Retro cans are often used in new construction as well.


----------



## CarpenterSFO (Dec 12, 2012)

Inner10 said:


> ...
> Retro cans are often used in new construction as well.


Around here you can't use retro cans in new construction. One jurisdiction won't allow more than 1 or 2 retro cans in a remodel - if you have more it's take out the ceiling and put in new.


----------



## Inner10 (Mar 12, 2009)

CarpenterSFO said:


> Around here you can't use retro cans in new construction. One jurisdiction won't allow more than 1 or 2 retro cans in a remodel - if you have more it's take out the ceiling and put in new.


Wtf


----------



## Spencer (Jul 6, 2005)

CarpenterSFO said:


> Around here you can't use retro cans in new construction. One jurisdiction won't allow more than 1 or 2 retro cans in a remodel - if you have more it's take out the ceiling and put in new.


Bob, I hope you make it out of Cali before the rest of the country decides to kick the state out of the union. The laws and people there seem to be going insane...


----------



## CarpenterSFO (Dec 12, 2012)

Spencer said:


> Bob, I hope you make it out of Cali before the rest of the country decides to kick the state out of the union. The laws and people there seem to be going insane...


Oh I'm staying.


----------



## Ancient Rocker (Jul 25, 2009)

Spencer said:


> Bob, I hope you make it out of Cali before the rest of the country decides to kick the state out of the union. The laws and people there seem to be going insane...

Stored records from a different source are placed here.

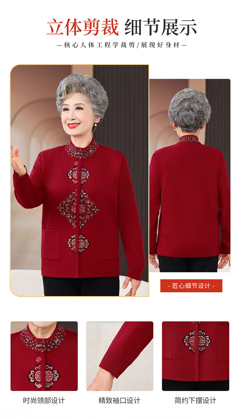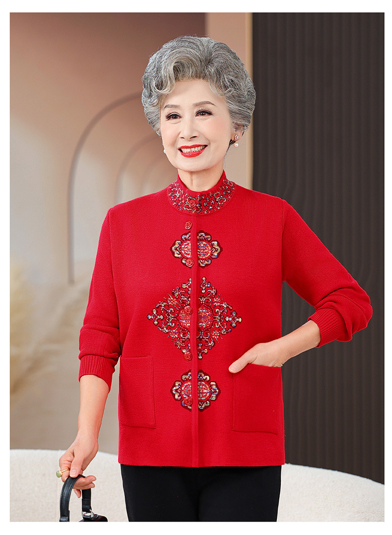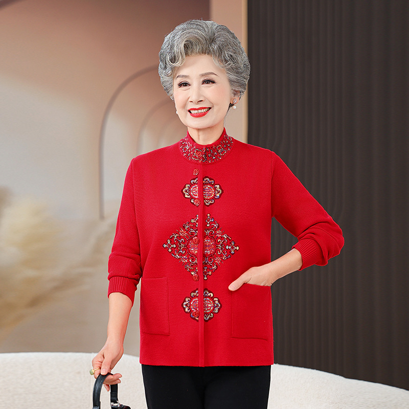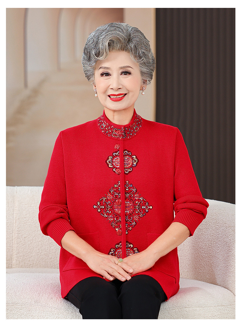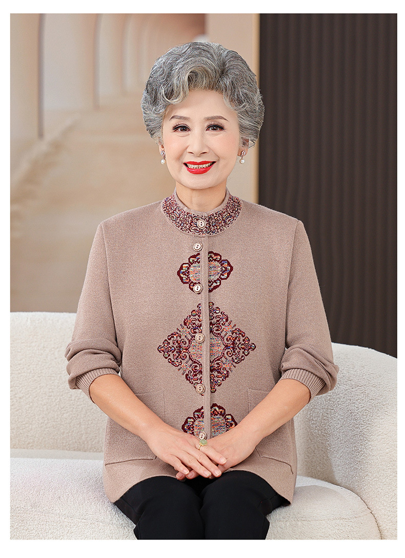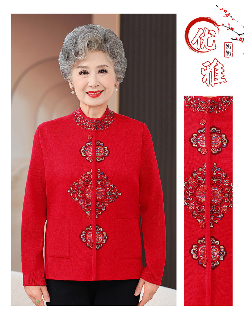 Средний и пожилой женский осенний и зимний свитер плюс бархатный толстый бабушкин костюм танг бархат мама вязаный кардиган куртка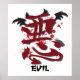 Mau Kanji Poster. Este é o símbolo kanji japonês para mau, e é escrito como "aku" em inglês. Nas histórias japonesas, e em outras literaturas, este símbolo é usado para descrever algo extremamente escuro e sinistro. O kanji para a mau tem um olhar muito distinto, mas adicionei uma cauda, asas escuras e chifres pontiagudos para que fosse mais reconhecível à primeira vista.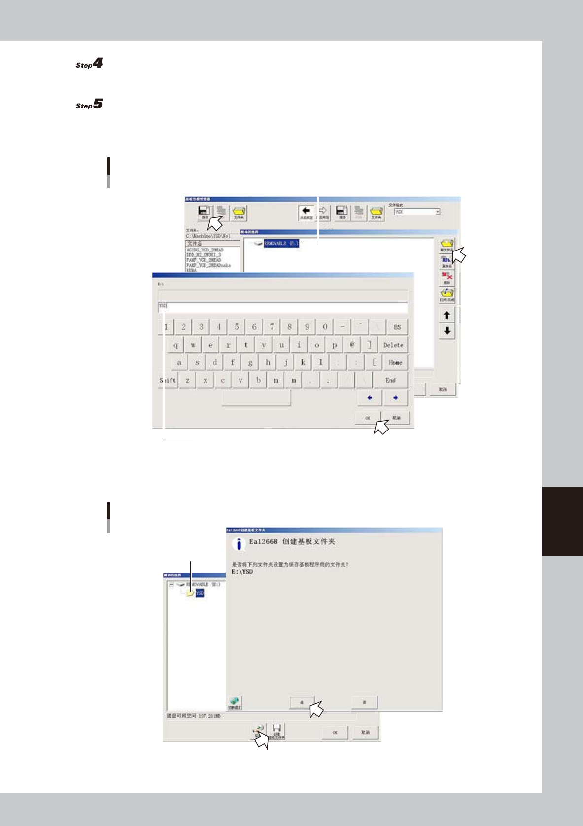 6-4 6 数 据 的 管 理 4 . 退 回 基 板 资 源 管 理 画 面 后 , 确 认 “ 文 件 夹 ” 显 示 框 中 是 否 已 创 建 N o . 1 目 录 。 目录的确认 确认已创建No.1目录 66 60 3 -N 7- 00 选 择 文 件 格 式 。 从 下 拉 框 中 选 择 。 选 择 想 要 备 份 的 基 板 程 序 。 用 光 标 选 择 想 要 备 份 的 基 板 程 序 。 按 住 [ C t…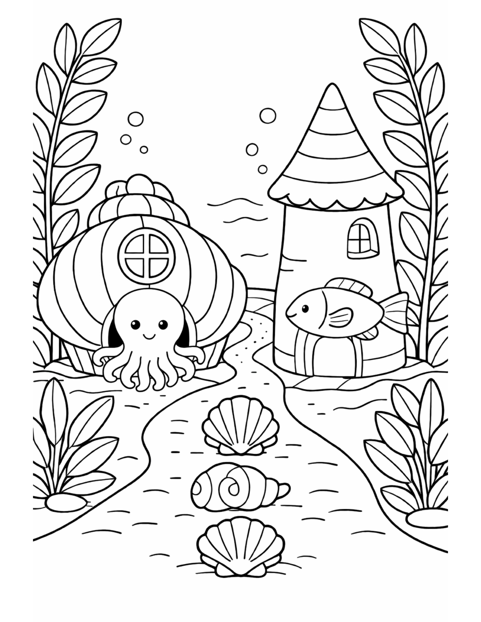 For this page, we entered the concept: “cute octopus at seashell house coloring page” on Colorin AI and generated a print ready coloring page in seconds.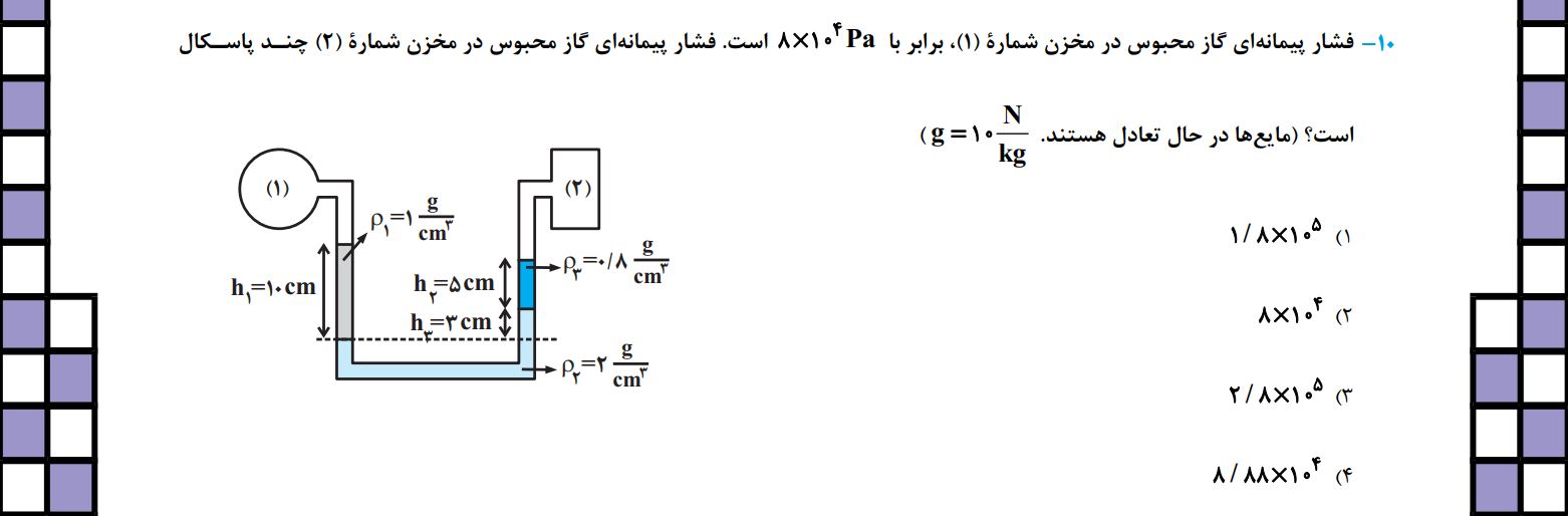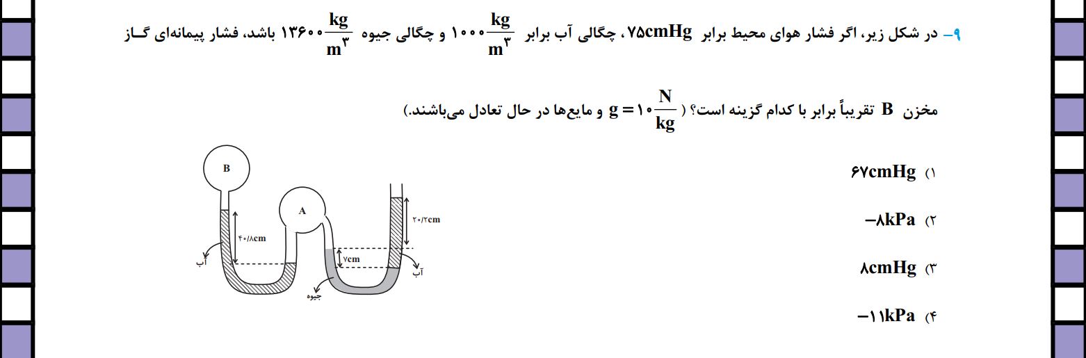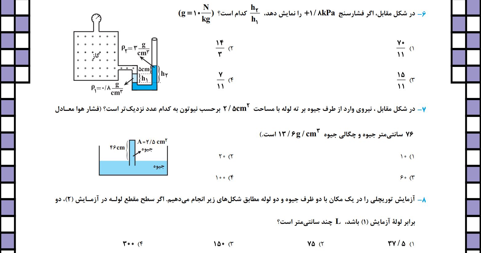یه آزمونک ۱۰ تستی از مبحث فشار در شاره و فشارسنج هوا برای آزمون ۱۸ آذر رو براتون فراهم کردم.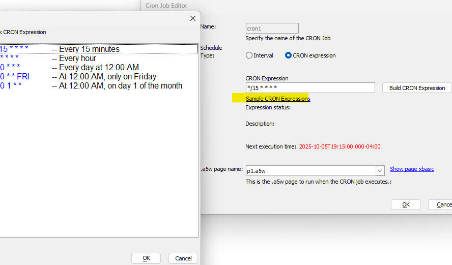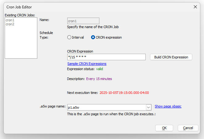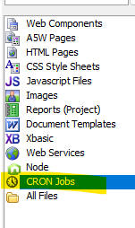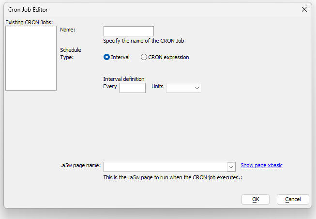 For each CRON job that you define, you must specify that name of the .a5w page to run when the CRON job runs. The .a5w page should contain an Xbasic code block.

Don't even consider Illinois. EVERYTHING is worse than California.


----------



## Inner10 (Mar 12, 2009)

Ancient Rocker said:


> Don't even consider Illinois. EVERYTHING is worse than California.


Even Canada isn't as bad as those states.


----------



## TNTRenovate (Aug 19, 2010)

Ancient Rocker said:


> Don't even consider Illinois. EVERYTHING is worse than California.


Licensing requirements and permit regulations are not nearly as strict.


----------



## Spencer (Jul 6, 2005)

Inner10 said:


> Even Canada isn't as bad as those states.


If it wasn't for the cold Canada wouldn't sound too bad... :whistling beautiful country.


----------



## Inner10 (Mar 12, 2009)

Spencer said:


> If it wasn't for the cold Canada wouldn't sound too bad... :whistling beautiful country.


Yeah but the cold makes it abysmal.


----------



## Spencer (Jul 6, 2005)

Inner10 said:


> Yeah but the cold makes it abysmal.


True. I don't feel the cold when I look at those pretty pictures so its more appealing.


----------